The NAT setup is simpler and more flexible, that’s what we will use.

All the containers will be connected to their own L2 network using a bridge interface. This interface is managed by systemd, created when the first container using it is spawned. Here is a small diagram to explain how we want the network to look like:

   /---------\
   |   WAN   |
   \---------/
        |
        | < NAT
        |
 +----------------------------------------------------+
 |                 bridge: vz-prolo                   |
 +-+===========+----+============+------+===========+-+
   | if: vb-gw |    | if: vb-web |      | if: vnet0 |
   +-----------+    +------------+      +-----------+
       |                 |                   |
       | < veth          | < veth            | < VM interface
       |                 |                   |
   +-------+         +-------+           +------+
   | host0 |         | host0 |           | ens3 |
o--+=======+----o o--+=======+-----o  o--+======+--o
| container: gw | | container: web |  | VM: r00p01 |
o---------------o o----------------o  o------------o

Veth type interfaces what we will use) linked to a bridge will have the name host0. systemd-networkd provides a default configuration (80-container-host0.network) file that enable DHCP on them. With the NAT rule managed by systemd-networkd and that, the internet will be accessible out-of-the-box in the containers. The only remaining configuration to do being the DNS resolver (/etc/resolv.conf).

Setting up gw manually

Let’s boot the first container: gw

Everything starts with an empty directory. This is where we will instantiate the file system used by gw:

$ mkdir gw

Use the Arch Linux install script from the sadm repository to populate it. Here is how to use it:

# ./install_scripts/bootstrap_arch_linux.sh /path/to/container machine_name ./file_containing_plaintest_root_pass

We suggest storing the password in a text file. It’s a good way to be able to to reproduce the setup quickly. If you don’t want that, just create the file on the fly or delete it afterwards.

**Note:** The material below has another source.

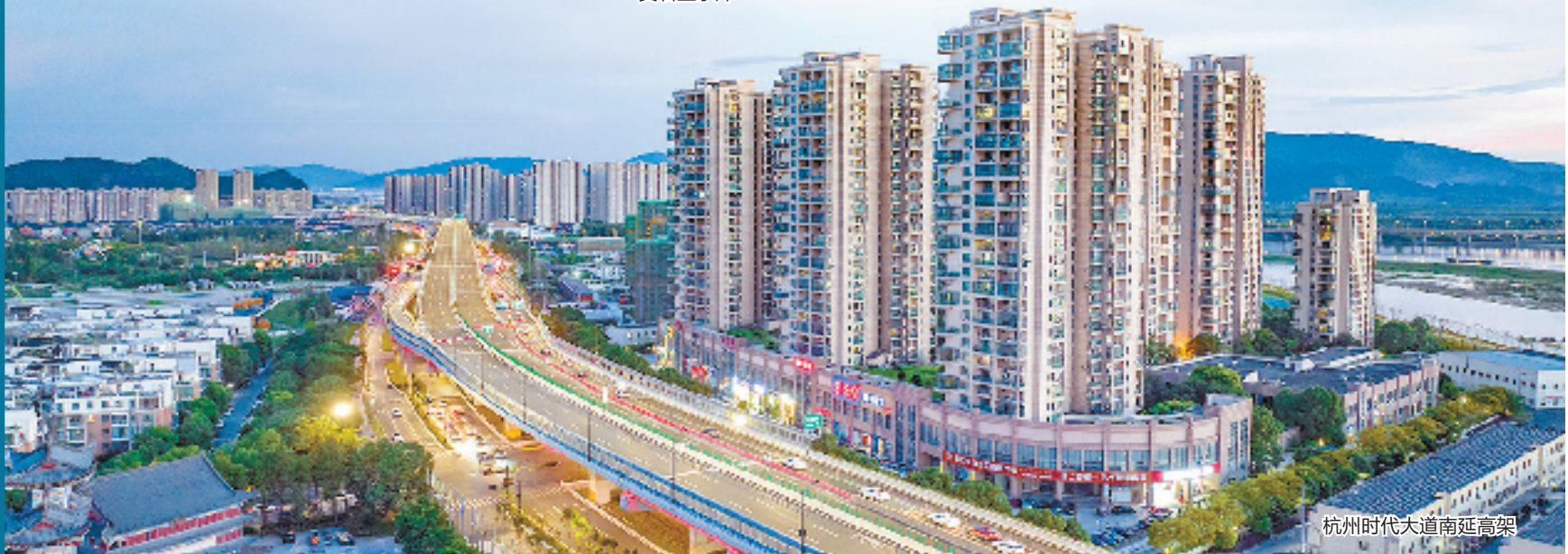
杭州时代大道南延高架

The first system we build is gw, so let’s create the container accordingly. Run it as root:

# ./install_scripts/bootstrap_arch_linux.sh /path/to/gw gw ./plaintest_root_pass

Packages will get installed a few scripts run to configure the Arch Linux system. This is the same script we use for the bare metal or VM setup.

Then, start the container with a virtual ethernet interface connected to the vz-prolo network zone, a bridge interface managed by systemd, as well an ipvlan interface linked to your uplink:

# systemd-nspawn --boot --directory /path/to/gw --network-zone=prologin

Note

To exit the container, press ‘ctrl+]’ three time. systemd-nspawn told you that when it started, but there is good chance you missed it, so we are putting it here just for you :)

You should see systemd booting, all the units should be OK except Create Volatile Files and Directories. which fails because /sys/ is mounted read-only by systemd-nspawn. After the startup you should get a login prompt. Login as root and check that you see the virtual interface named host0 in the container using ip link:

# ip link
1: lo: <LOOPBACK,UP,LOWER_UP> mtu 65536 qdisc noqueue state UNKNOWN mode DEFAULT group default qlen 1
    link/loopback 00:00:00:00:00:00 brd 00:00:00:00:00:00
2: host0@if3: <BROADCAST,MULTICAST,UP,LOWER_UP> mtu 1500 qdisc noqueue state UP mode DEFAULT group default qlen 1000
    link/ether e6:28:86:d2:de:6e brd ff:ff:ff:ff:ff:ff link-netnsid 0

The host system should have two new interfaces:

  • vz-prolo, a bridge type interface.

  • vb-gw, a veth device whose master is vz-prolo, meaning it’s wired in this bridge.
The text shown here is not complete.